Status: v0.1.0 — Phases 1–3 complete, Phase 4 in progress. Multi-repo workspaces, FE↔backend contract linking, cross-repo impact/path queries, an MCP server + steering for agents, automatic stack detection, and a conventions/landmines surface. Extracts TypeScript/JavaScript, Swift, Kotlin, and Go into one map. See docs/phases.md.

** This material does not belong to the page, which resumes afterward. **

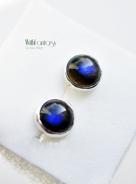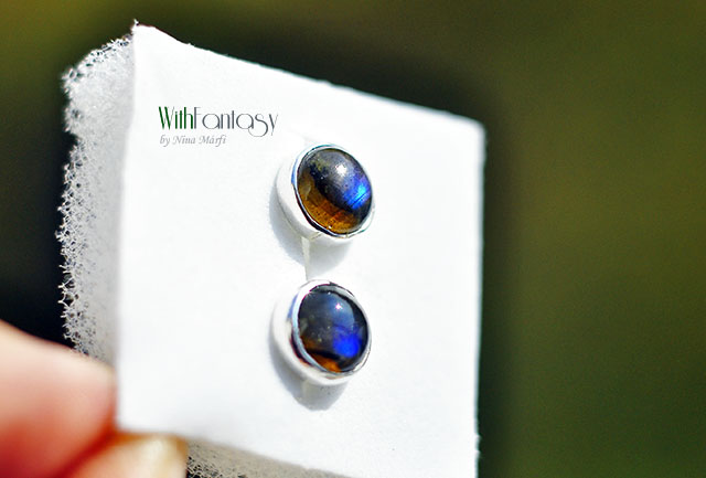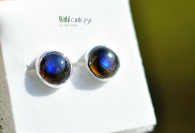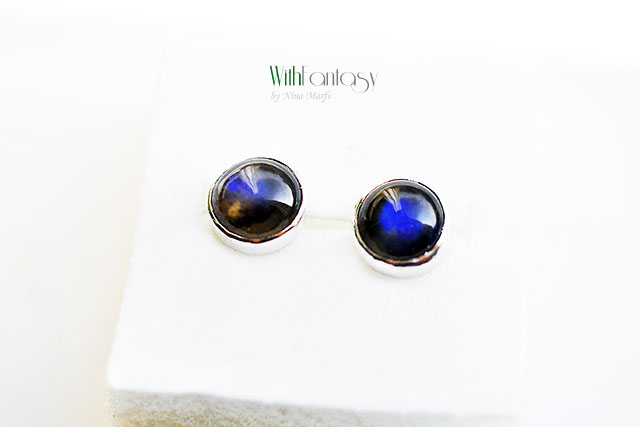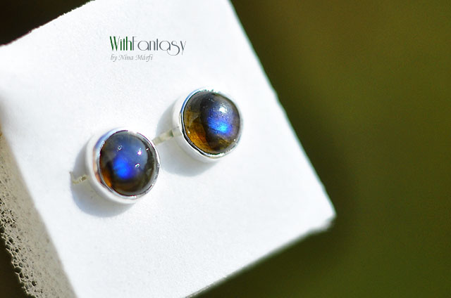Kis, ezüst, bedugós fülbevaló gyönyörű, labradorittal. A kövek nagyon erős kék fénnyel ragyognak. Az ezüst fehér és polírozott. A fülbevaló kézzel készült.

The agent brings the search; Atlas brings the map.


Contents


Why Atlas

Modern coding agents (Claude Code, Cursor, Kiro, …) are excellent at searching within a repo on demand — grep, glob, read. They are weak at seeing the shape of a whole system spread across many repositories. Atlas does not try to out-search the agent. It builds the structural map the agent can't cheaply reconstruct:

  • who calls whom (the call graph, within and across repos),
  • which frontend calls map to which backend endpoints (HTTP contract links), and
  • what breaks if you change a given thing (impact, across repos and languages).

It serves that map to the agent over MCP and as always-on context — so the agent stops burning tokens re-deriving structure by reading files, and makes fewer mistakes because it can see the blast radius and the conventions before it edits.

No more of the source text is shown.